Good Neighbor Authority helps forests
for Tri-State Livestock News
The Good Neighbor Authority first surfaced in the 2014 Farm Bill and authorized the USDA Forest Service to enter into agreements with state forestry agencies to do critical management work to keep forests healthy and productive. Since Good Neighbor Authority was first authorized, the number of projects and participating states has grown, and in the 2018 Farm Bill, the GNA was expanded to include state and county governments as well tribes.
American Farm Bureau’s Director of Congressional Relations Ryan Yates explained that to date the GNA projects have been primarily used by the U.S. Forest Service and timber industry. “The GNA gives them one more tool.
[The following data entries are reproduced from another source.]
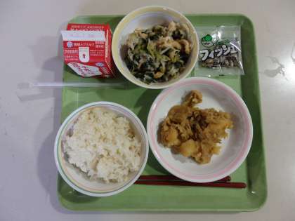 肉じゃが(カレー味)は,じゃがいもが柔らかく煮付けてあるが形が残っており,カレー味で子どもたちに大人気でした。切干大根の煮つけは,切干大根がたくさん入っていて,あっさりにつけてありおいしくいただきました。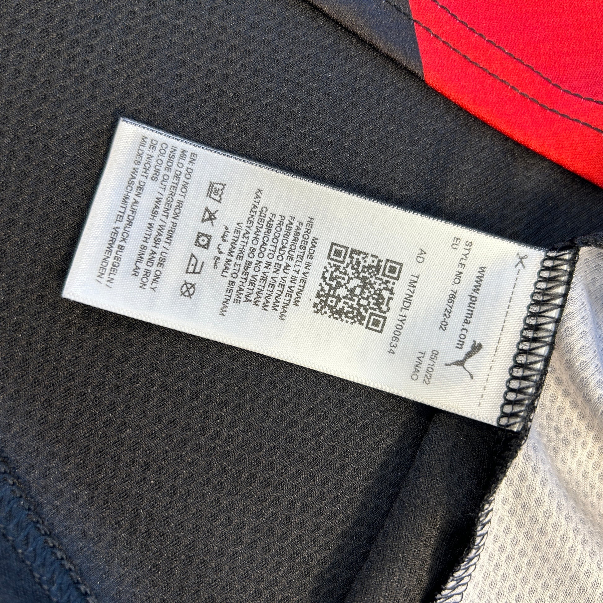 Authentic? Yes, this is an authentic Puma shirt with the correct front authentic patch, inside labels, and the QR code.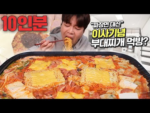 혼자서 부대찌개 토핑 값만 2만원 이상 ㅋㅋㅋㅋㅋ 이사 기념? 짜장면 대신 부대찌개 먹방!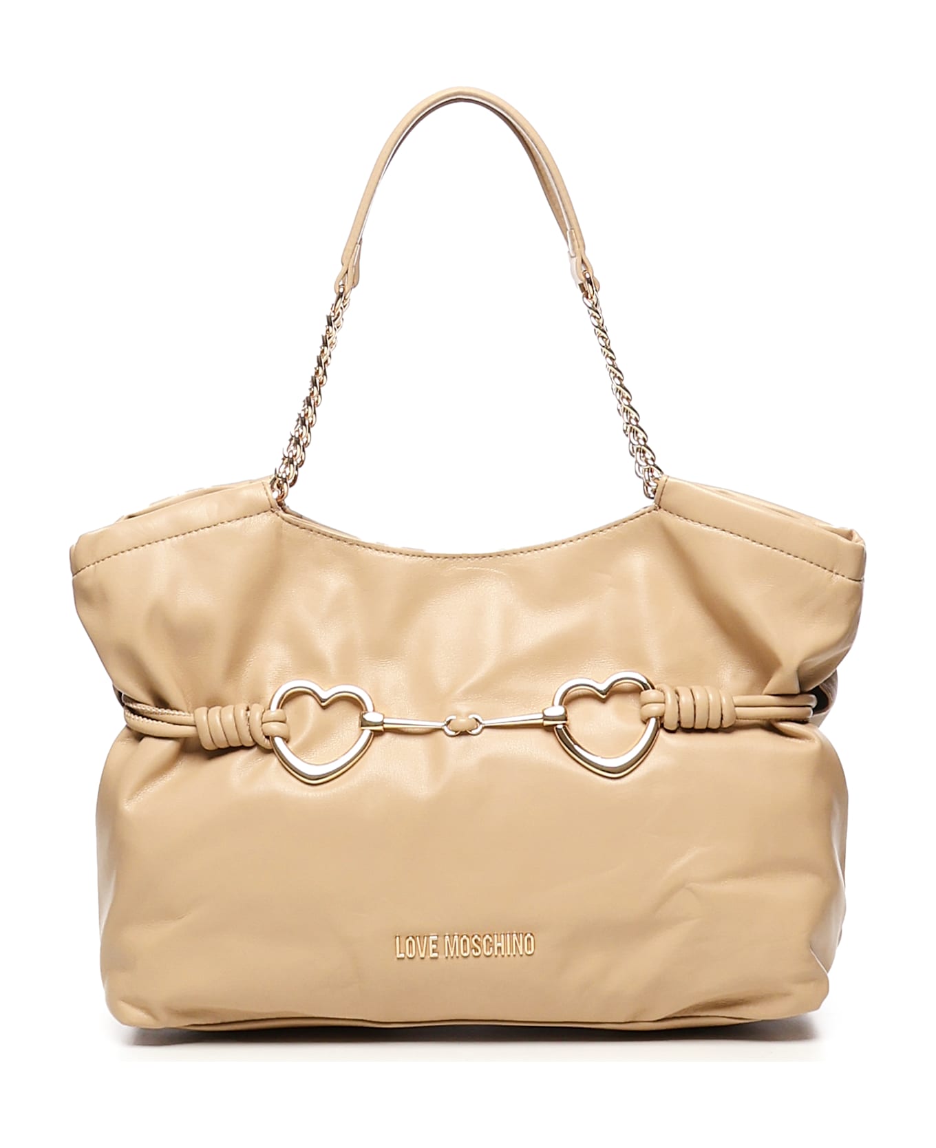 Double heart metal decorative element -Metal letter logo -Chain insert handles -Zip closure -Lined interior -Internal zip pocket -Color: Sand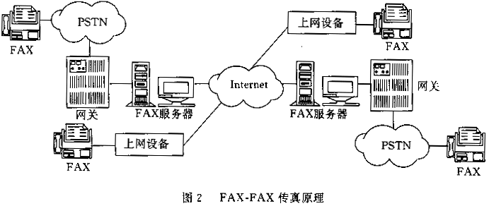 發(fā)送端傳真機(jī)與網(wǎng)關(guān)連接,通過(guò)PSTN傳送傳真,網(wǎng)關(guān)接收傳真后通過(guò)Internet傳至另一端的網(wǎng)關(guān),另一端的網(wǎng)關(guān)再通過(guò)PSTN將傳真發(fā)送給接收端傳真機(jī)。這種方式既適合存儲(chǔ)轉(zhuǎn)發(fā)模式,也適合實(shí)時(shí)模式,因此更加有吸引力。近年來(lái),出現(xiàn)了一種不依賴網(wǎng)關(guān)的FAX-FAX IP傳真技術(shù),它是利用傳真機(jī)外掛一專用上網(wǎng)設(shè)備直接在Internet網(wǎng)上發(fā)送信息,原理如圖2所示。
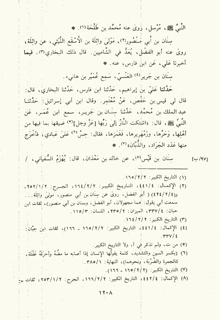 سِنَان بن قَيْس , عن خَالِد بن معدان قال: يهزم السفياني والجماعة مرتين , ثم يهلك. قال ذلك البُخَاريّ.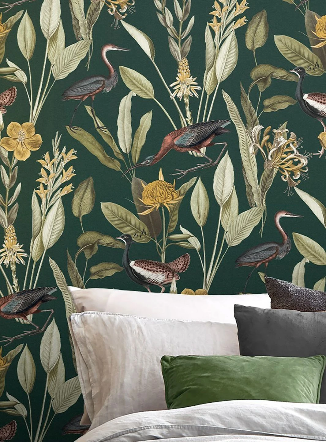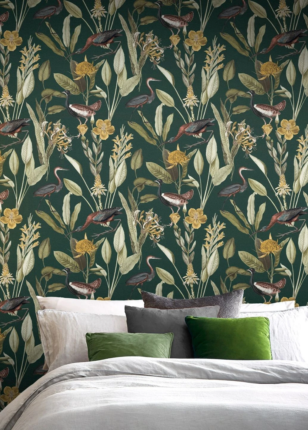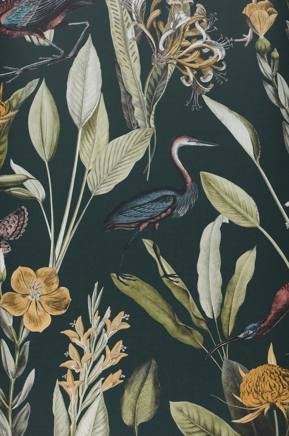 Pflanzen mit prachtvollen Blüten, dazwischen Wasservögel, der Hintergrund tief dunkelgrün: Die Motive auf der Vliestapete „Medina“ wirken wie Illustrationen in einem alten Naturkundebuch, so realistisch scheinen sie. Doch die künstlerische Verfremdung verbirgt sich in den Größenverhältnissen: Da findet ein Reiher auf dem Blatt einer Sumpfpflanze Platz! Ein gewitztes Spiel mit der Tradition der botanischen Tapete und ein Hingucker für jeden Naturliebhaber.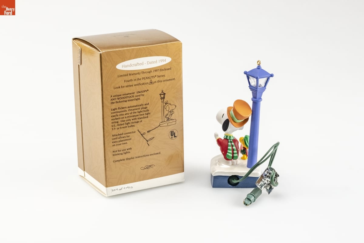 Handcrafted - Dated 1994 / Limited Warranty Through 1997 Enclosed / Fourth in the PEANUTS [R] Series. / Look for series verification 4 on this ornament. / A unique ornament! SNOOPY [R] / AND WOODSTOCK carol by / the flickering streetlight. / Light flickers automatically and / continuously. Ornament plugs / easily into any of the light bulb / sockets on a miniature tree light / string. Use only with standard / U.L.- listed light strings of / 3.5- or 6- volt bulbs. / Attached connector / cord allows for / easy placement / on your tree. / Not for use with / blinking lights. / Complete display instructions enclosed.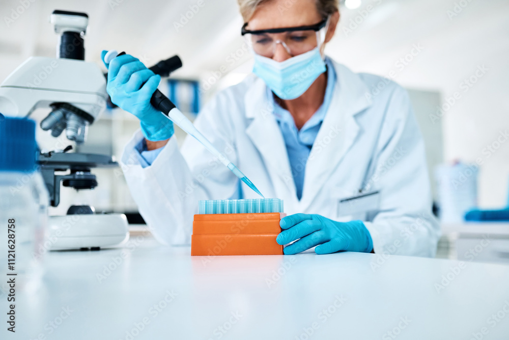 Obraz na plátně Mature woman, scientist and ppe with pipette in science lab for medical research or innovation

It increases receipts shared with counties and provides more management on our forests. Over the years, the general Forest Service management has declined, and the result has been more material in the forest that increased catastrophic fires,” said Yates. “What the GNA does is creates another tool to provide management of the vegetation and provide fuel reduction.”
Yates explained that states have tended to do a better job than the federal government with their forest management.
“What the GNA did in the 2014 Farm Bill was give states the ability to work on managing projects. The state can petition the US. Forest Service saying, ‘We want a GNA contract; if that happens, the receipts from that timber sale go back to the state.”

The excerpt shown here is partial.